HACKERS’ GUIDE TO ROGUE VM DEPLOYMENT: LESSONS FROM THE MITRE HACK

Category: Attack Matrixdisc7 @ 9:22 am

THE ATTACK: A DETAILED EXAMINATION

The cyber intrusion into MITRE’s environment was a meticulously planned and executed operation, highlighting the attackers’ advanced technical capabilities and understanding of virtualized environments. The attackers exploited specific vulnerabilities in Ivanti Connect Secure (ICS), identified as CVE-2023-46805 and CVE-2024-21887. These vulnerabilities allowed unauthorized access to the VMware infrastructure, providing the attackers with a foothold within the network.

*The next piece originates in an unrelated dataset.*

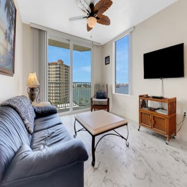 The open floor plan is perfect for entertaining guests, while the adjoining dining area provides additional space for dining in comfort. The master bedroom is a peaceful haven, featuring a king-sized bed with luxurious linens and expansive windows offering unparalleled views of the beach and water. The en-suite bathroom is elegant and spacious, with a large vanity, and shower/bath combo. For additional sleeping arrangements, the living room includes a sleeper sofa, allowing the condo to comfortably accommodate up to four guests. Whether you’re looking for a vacation getaway, a seasonal rental, or a year-round home, Lovers Key #806 offers the ultimate in beachside living.

Initial Penetration and Exploitation: The attackers began by identifying and exploiting weaknesses in the Ivanti Connect Secure (ICS) infrastructure. The vulnerabilities in question were zero-day exploits, meaning they were unknown to the vendor and had no existing patches or mitigations at the time of the attack. By exploiting these vulnerabilities, the attackers could bypass authentication mechanisms and gain administrative access to the virtualized environment.

Deployment of Rogue Virtual Machines (VMs): Once inside the network, the attackers created and deployed rogue VMs. These VMs were crafted to mimic legitimate virtual machines, allowing them to blend into the existing infrastructure and evade detection. The deployment of rogue VMs served multiple purposes:

  • Persistence: Rogue VMs provided a stable and resilient presence within the network, ensuring that the attackers could maintain access over an extended period.
  • Evasion: By operating within the virtualized environment, the rogue VMs could bypass traditional security measures that focus on physical or network-based threats.
  • Expansion: The rogue VMs acted as a base for further malicious activities, including data exfiltration, lateral movement within the network, and the deployment of additional malware.

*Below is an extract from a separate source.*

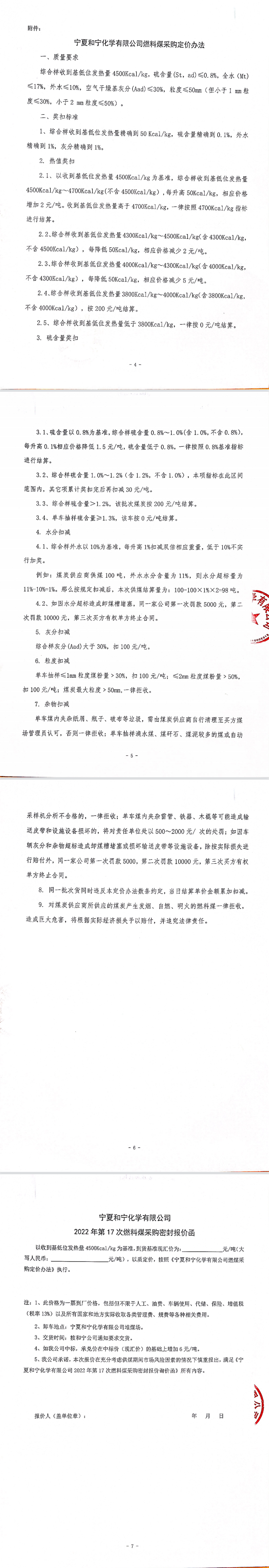 寧夏和寧化學有限公司2022年第17次燃料煤采購密封報價詢價函

Command and Control (C2) Operations: The attackers established robust C2 channels to maintain control over the rogue VMs. These channels allowed the attackers to issue commands, receive data, and monitor the status of their malicious operations. The C2 infrastructure was designed to be resilient, utilizing techniques such as encryption and redundancy to avoid detection and disruption.

TECHNICAL DEEP DIVE: UNDERSTANDING THE ATTACK

To fully appreciate the sophistication of the attack, it is essential to delve into the technical aspects of the methodologies employed by the attackers.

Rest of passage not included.